The OCZ Trion 150 SSD Reviewby Billy Tallis on April 1, 2016 8:00 AM EST
Our performance consistency test explores the extent to which a drive can reliably sustain performance during a long-duration random write test. Specifications for consumer drives typically list peak performance numbers only attainable in ideal conditions. The performance in a worst-case scenario can be drastically different as over the course of a long test drives can run out of spare area, have to start performing garbage collection, and sometimes even reach power or thermal limits.
In addition to an overall decline in performance, a long test can show patterns in how performance varies on shorter timescales. Some drives will exhibit very little variance in performance from second to second, while others will show massive drops in performance during each garbage collection cycle but otherwise maintain good performance, and others show constantly wide variance. If a drive periodically slows to hard drive levels of performance, it may feel slow to use even if its overall average performance is very high.
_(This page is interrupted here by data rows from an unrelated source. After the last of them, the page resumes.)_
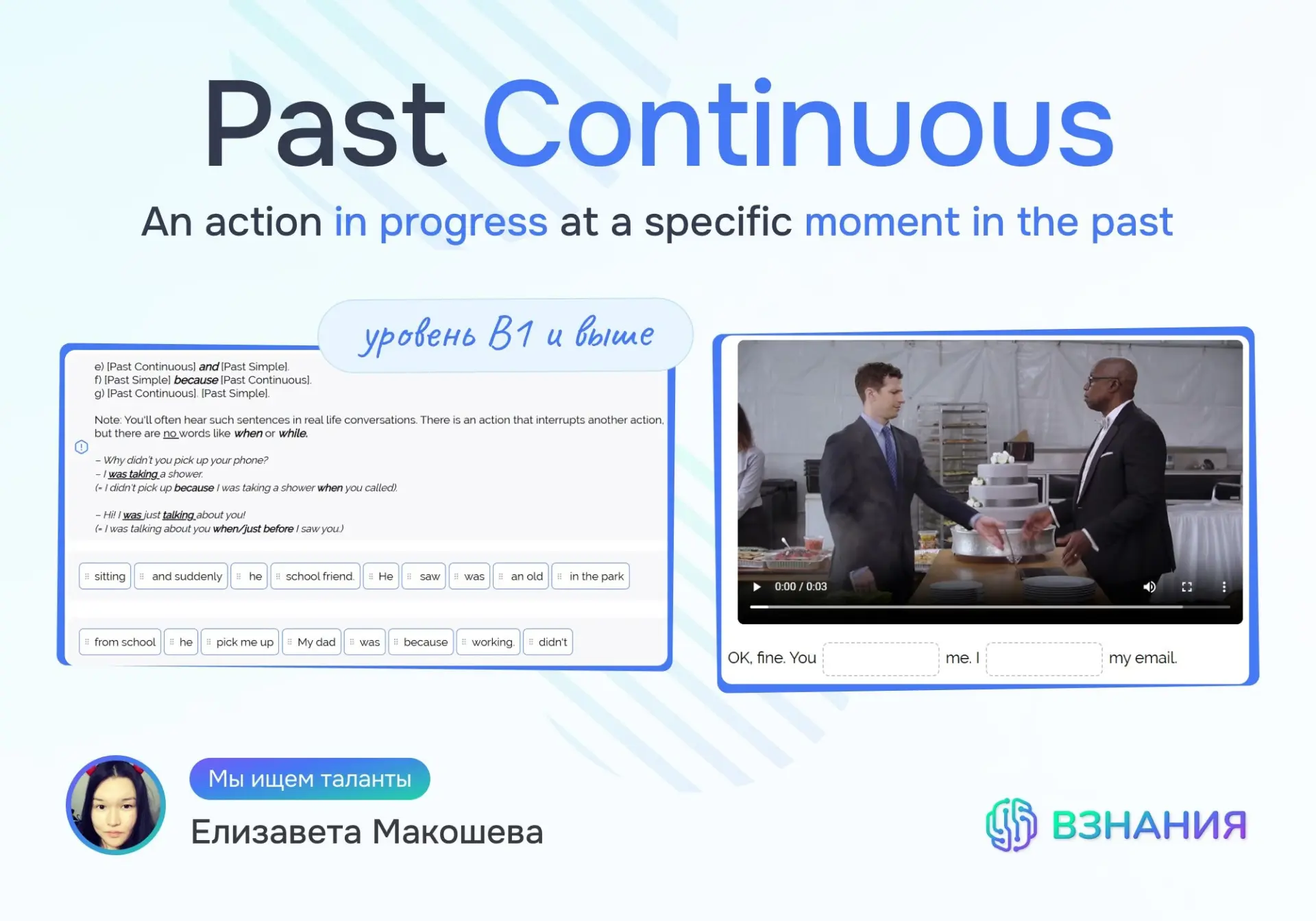 Предлагаю свой материал по теме Past Continuous. Конкретный урок посвящен только одному использованию этого времени. Он подойдет для подростков и взрослых, которые уже знакомы со временем/у которых это время больше в пассиве. Уровень B1 и выше.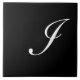 I Monogram Initial White on Black Ceramic Tile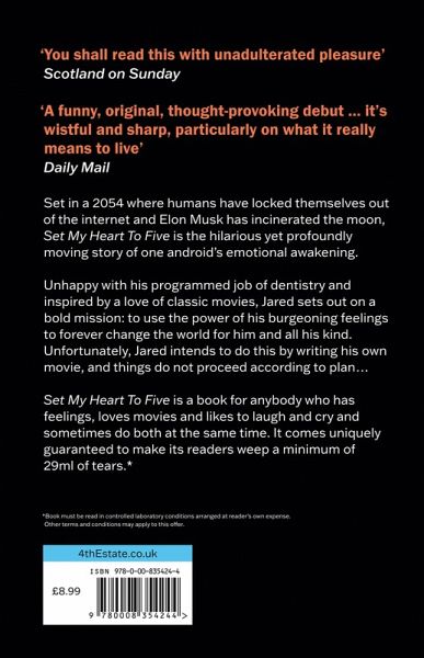 Set in a 2054 where humans have locked themselves out of the internet and Elon Musk has incinerated the moon, Set My Heart To Five is the hilarious yet profoundly moving story of one android's emotional awakening.
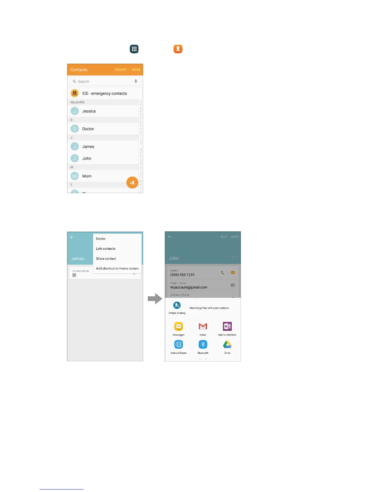 2. Tap a contact to display it, and then tap More > Share contact.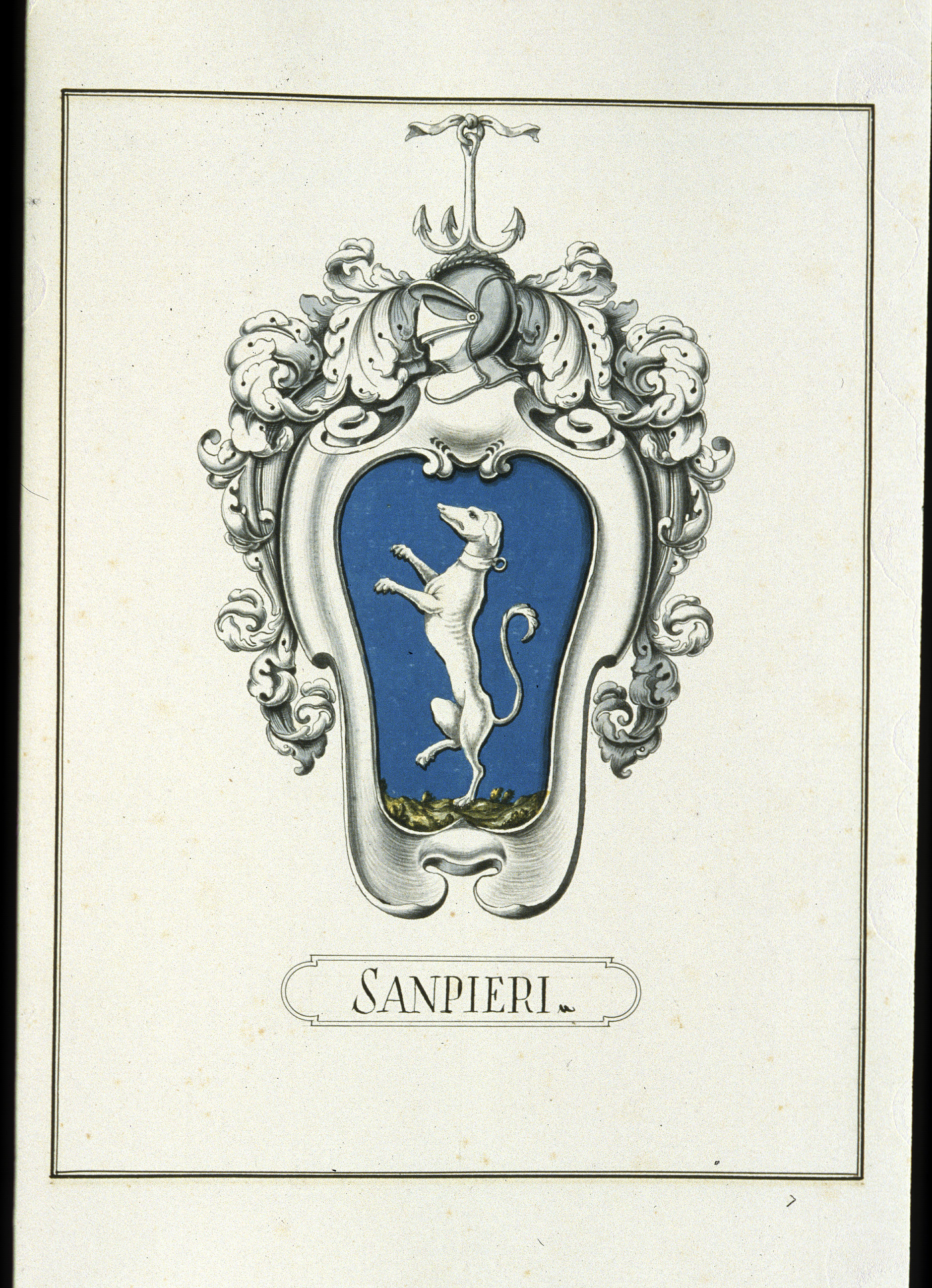 D'azzurro, al cane levriere rampante d'argento, collarinato dello stesso, sostenuto dal terreno al naturale.

To maximally stress the drive's controller and force it to perform garbage collection and wear leveling, this test conducts 4kB random writes with a queue depth of 32. The drive is filled before the start of the test, and the test duration is one hour. Any spare area will be exhausted early in the test and by the end of the hour even the largest drives with the most overprovisioning will have reached a steady state. We use the last 400 seconds of the test to score the drive both on steady-state average writes per second and on its performance divided by the standard deviation.
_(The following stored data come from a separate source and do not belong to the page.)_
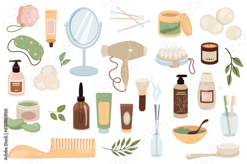 © alexdndz, Obraz premium Bathroom items mega set graphic elements in flat design. Bundle of creams, mirror, cotton buds, cosmetics, sleep mask, lotion, hair dryer, massage brush, other. Illustration isolated objects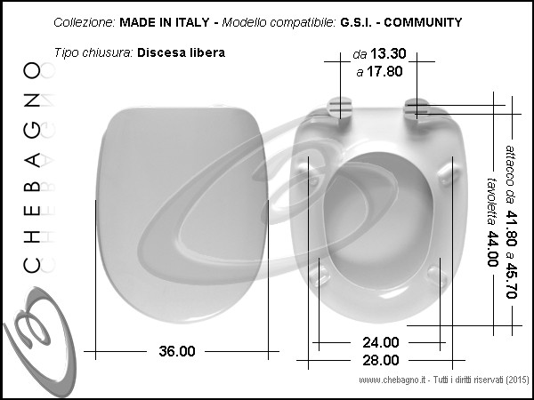 Community Gsi Sedile wc bianco in termoindurente e cerniere avvitabile dal basso. Copriwater compreso di cerniere e paracolpi.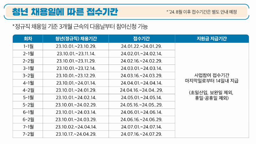 근속기간이 3개월과 6개월이 경과되었을 때 지원금을 신청할 자격이 생기며, 취업애로 청년을 전체 모집인원의 10% 우선 선발하니 꼭 확인해야 합니다.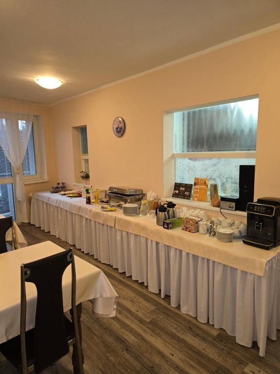 V jedálni penziónu s domácou atmosférou si je môžné v pokoji vychutnať raňajky a obedy či večere (po dohode). Personál rád vyhovie aj individuálnym a špeciálnym požiadavkam klientov na stravu. Jedáleň je tiež vhodná na usporiadanie rodinných osláv, firemných podujatí či iných spoločenských akcií.

The Trion 150 substantially improves steady-state performance over its predecessor. The middle 480GB capacity is once again the best-performing size by a wide margin.
The Trion 150's consistency score has climbed out of the gutter—aided somewhat by the improved average performance, but there's clearly been a major change in behavior for the drive firmware that reduces the variability of write performance. The Trion 150 scores much better than any other budget drive.
After a very short initial burst of high performance due to SLC write caching, the Trion 150 settles into a pattern of decent but broadly variable performance as it burns through the remaining spare area. Once the spare area is exhausted the behavior changes completely and the drive is very steady, transitioning between a handful of discrete performance levels.
Looking closer at the steady-state phase, the transitions between performance states are very clear and abrupt, and there are no outliers in either direction. The performance with manual overprovisioning is substantially higher and the consistency is only slightly worse. In either case, the consistency is as good as we could ask for and a big improvement over the earlier Trion 100.